Parties must comply with the procedures in the Federal Rules of Civil and Criminal Procedure, the local rules, the general orders, this standing order, and the Northern District's general standing order for civil cases titled "Contents of Joint Case Management Statement." These rules and a summary of electronic filing requirements (including the procedures for emailing proposed orders to chambers) are available at
Motions are heard each Thursday: civil motions at 9:30 a.m. and criminal motions at 10:30 a.m. Case-management conferences are every Thursday: criminal cases at 10:30 a.m. and civil cases at 11:00 a.m. Parties must notice motions under the local rules and need not reserve a hearing date in advance if the date is available on the court's calendar (click "Calendars" at
Under Civil Local Rule 5-1(b), parties must lodge a paper "Chambers" copy of any filing unless another format makes more sense (such as for spreadsheets, pictures, or exhibits that might be better lodged electronically). Paper copies must be printed on both sides and three-hole punched, and they must be the electronically filed copies with the PACER/ECF-generated header (with the case number, docket number, date, and ECF page number). Parties do not need to submit copies of certificates of service, certificates of interested entities or persons, consents or declinations to the court's jurisdiction, stipulations that do not require a court order (see Civil Local Rule 6-1), and notices of appearance or substitution of counsel. Please read Civil Local Rule 79-5 carefully regarding the requirements for filing documents under seal and providing copies.
1. In cases that are assigned to Judge Beeler for all purposes, the parties must file their written consent or declination of consent to the assignment of a United States Magistrate Judge for all purposes as soon as possible. If a party files a dispositive motion (such as a motion to dismiss or a motion for remand), the moving party must file the consent or declination simultaneously with the motion, and the party opposing the motion must file the consent or declination simultaneously with the opposition.
2. The first joint case-management conference statement in a case must contain all of the information in the Northern District's standing order titled "Contents of Joint Case Management Statement." Subsequent statements for further case-management conferences must not repeat information contained in an earlier statement and instead should report only progress or changes since the last case-management conference and any new recommendations for case management.

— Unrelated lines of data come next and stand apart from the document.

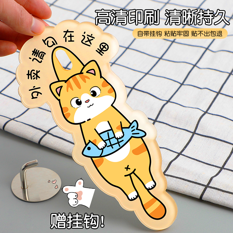外卖放门口指示牌高级快递请放这里存放处温馨提示标识挂钩墙贴定制亚克力家有恶猫卡通入户门牌家用装 饰挂牌
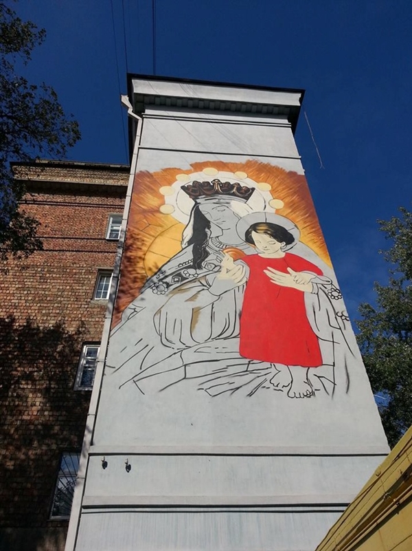 В Святошинском районе Киева рисуют очередной мурал. Картина с изображением Девы Марии появится на стене дома по проспекту Победы, 73/1 напротив церкви Святого Пантелеймона. Художественным оформлением занимается киевская команда уличных художников UpTown.
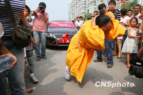 图为52岁的张婷婷正在用头发拉动8辆汽车。中新社发 李俊生 摄
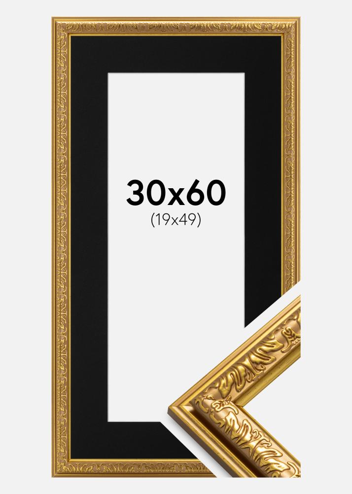 Frame Nostalgia Gold 30x60 cm - Picture Mount Black 20x50 cm
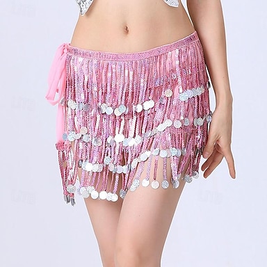 Dança do Ventre Acessórios de Dança Cinto Purpurina Corda Cingida Cor Pura Mulheres Espetáculo Treino Alto Poliéster Paetês
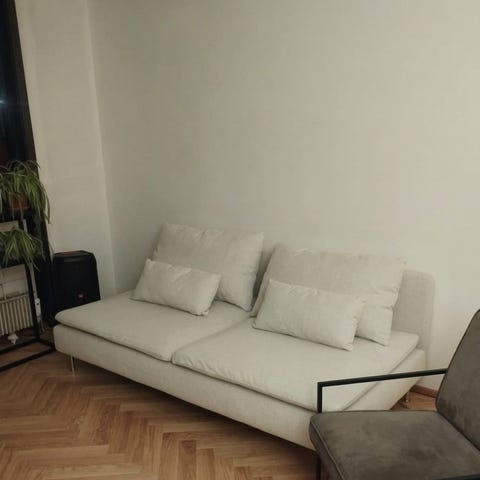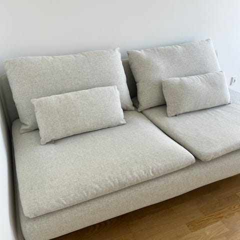 Sofaen har nogle år på bagen, men er enormt behagelig og kan rumme hele familien/vennerne. Det er muligt at vaske betrækket eller købe nyt betræk i forskellige farver fra IKEA, hvis man vil opgradere den.
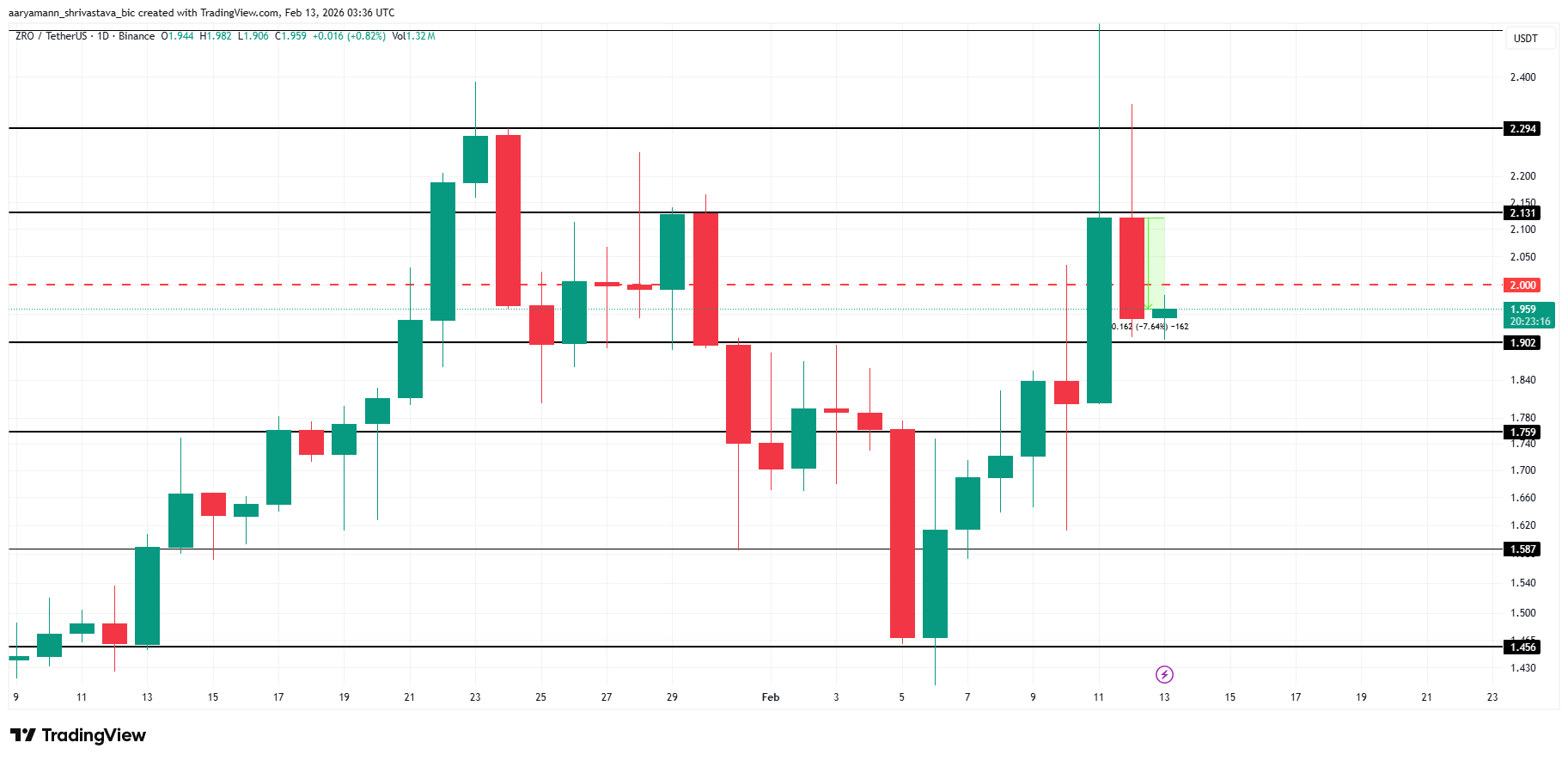Si les acheteurs défendent le niveau de 1,90 $, ZRO pourrait tenter de se stabiliser. Un rebond pourrait alors propulser le prix au-dessus de la résistance des 2,00 $. Un momentum soutenu jusqu’à 2,13 $ annulerait la perspective baissière et signalerait un regain de confiance des investisseurs quant aux perspectives de reprise de l’altcoin.
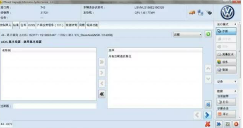 2. 再次進(jìn)入“44-動(dòng)力轉(zhuǎn)向”,進(jìn)行“控制單元自診斷”,選擇“基本設(shè)置”,將“所有匹配值的復(fù)位”選入右側(cè)選擇框,點(diǎn)擊進(jìn)入下一步。
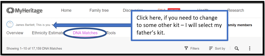 Select the kit you want to use – for this example I will use my father’s kit, which I had not Triangulated at MyHeritage before.
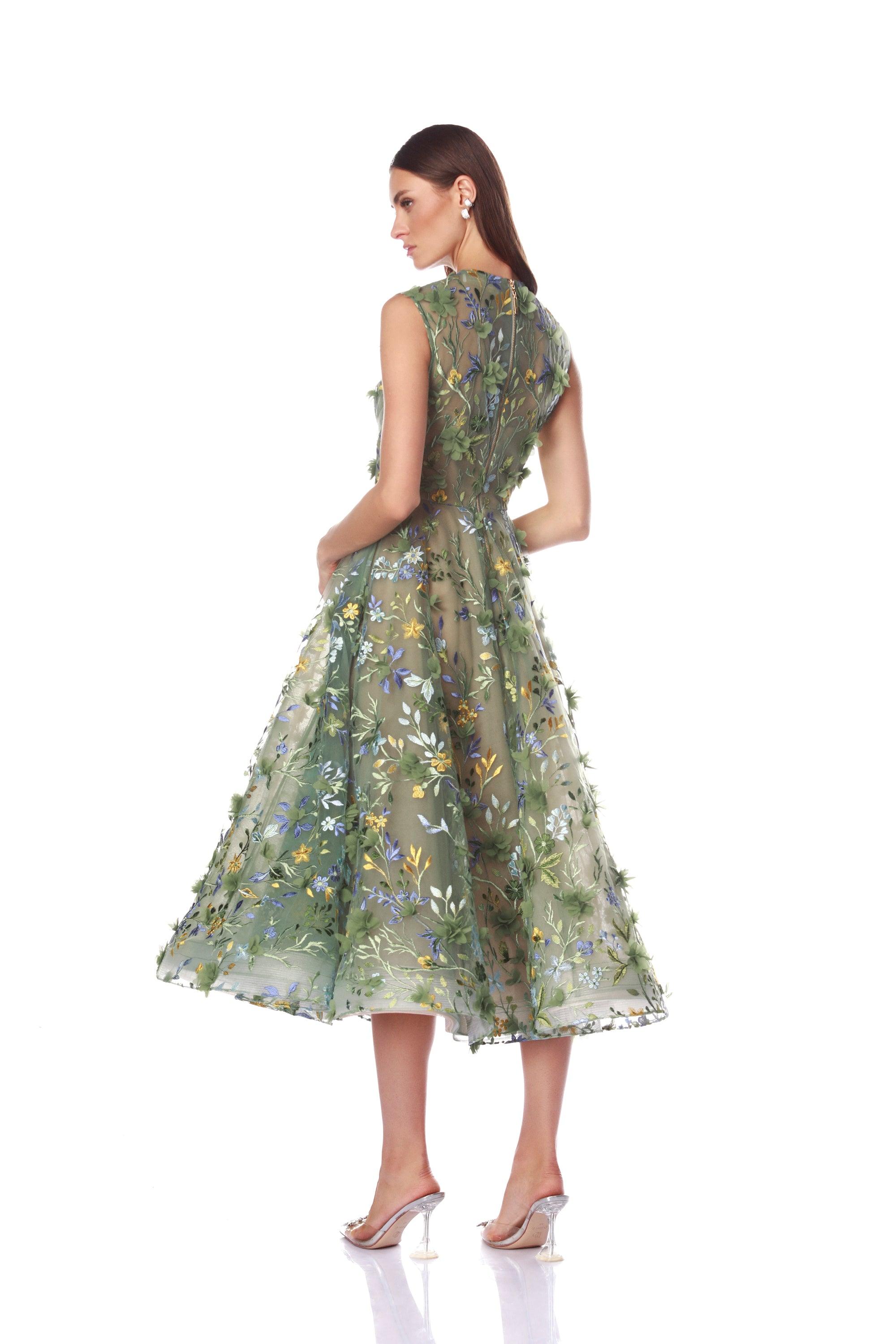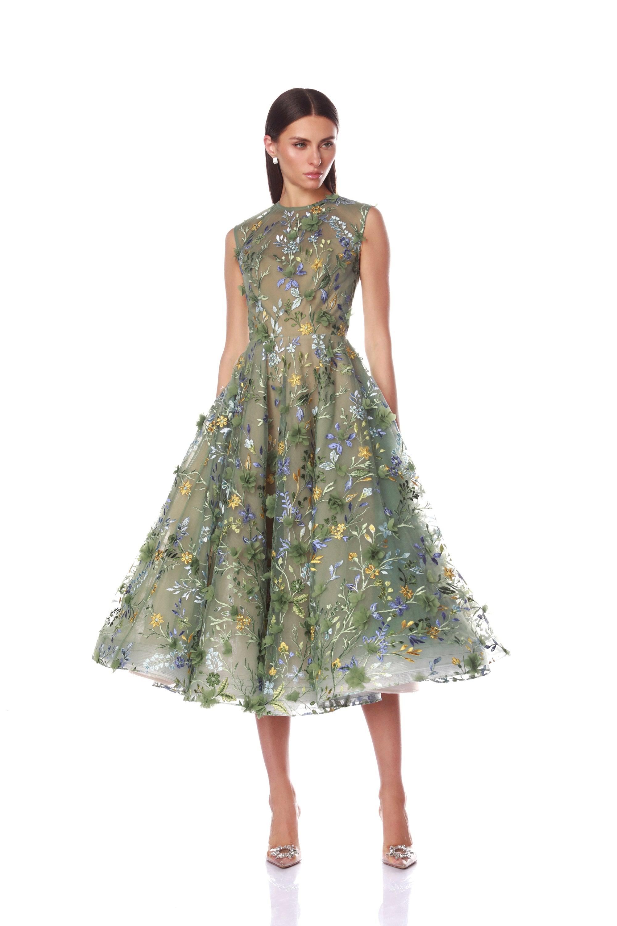 Radiate elegance in our Saba Floral Green Midi Dress, featuring intricate embroidery and a flowing silhouette that exudes timeless charm.
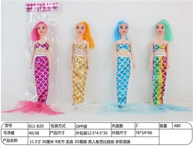 11.5寸 30厘米 9关节 实身 3D真眼 美人鱼芭比娃娃 多款混装
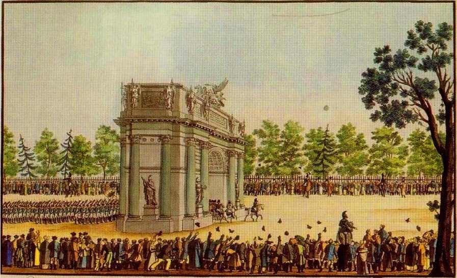 11 августа 1814 года "Лейб-гвардии полки Преображенский, Семёновский, Измайловский, Егерский, Гвардейский морской экипаж и две роты гвардейской артиллерии, возвратившиеся из славного своего похода, вступили в сию столицу. Они проходили чрез Триумфальные ворота, воздвигнутые от города в честь и славу великих подвигов, возвративших мир Европе…" (из газеты "Северная почта")
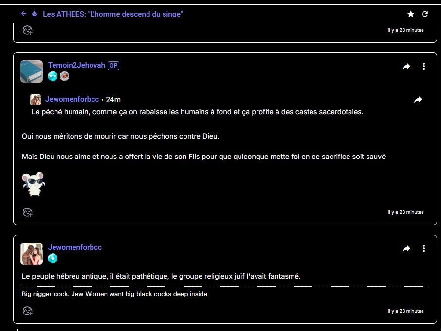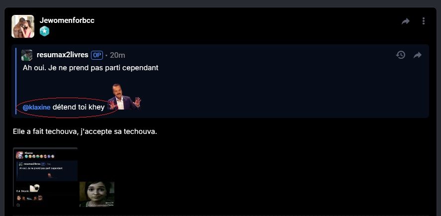 Je sais, je disais juste que j'étais pas là au moment où ça se faisait et merci d'avoir goulag l'autre qui avait diffamé.

The parties may not file separate statements of undisputed facts. See Civil L. R. 56-2. Joint statements of undisputed facts are not required but are helpful. Any joint statement must include — for each undisputed fact — citations to admissible evidence. A joint statement generally must be filed with the opening brief, and the briefs should cite to that statement. A reasonable process for drafting a joint statement is as follows: 1) two weeks before the filing date, the moving party proposes its undisputed facts, and 2) one week later, the responding party replies and the parties meet and confer about any disagreements. For oppositions, a responding party may propose additional undisputed facts to the moving party within seven days after the motion is filed and ask for a response within two business days.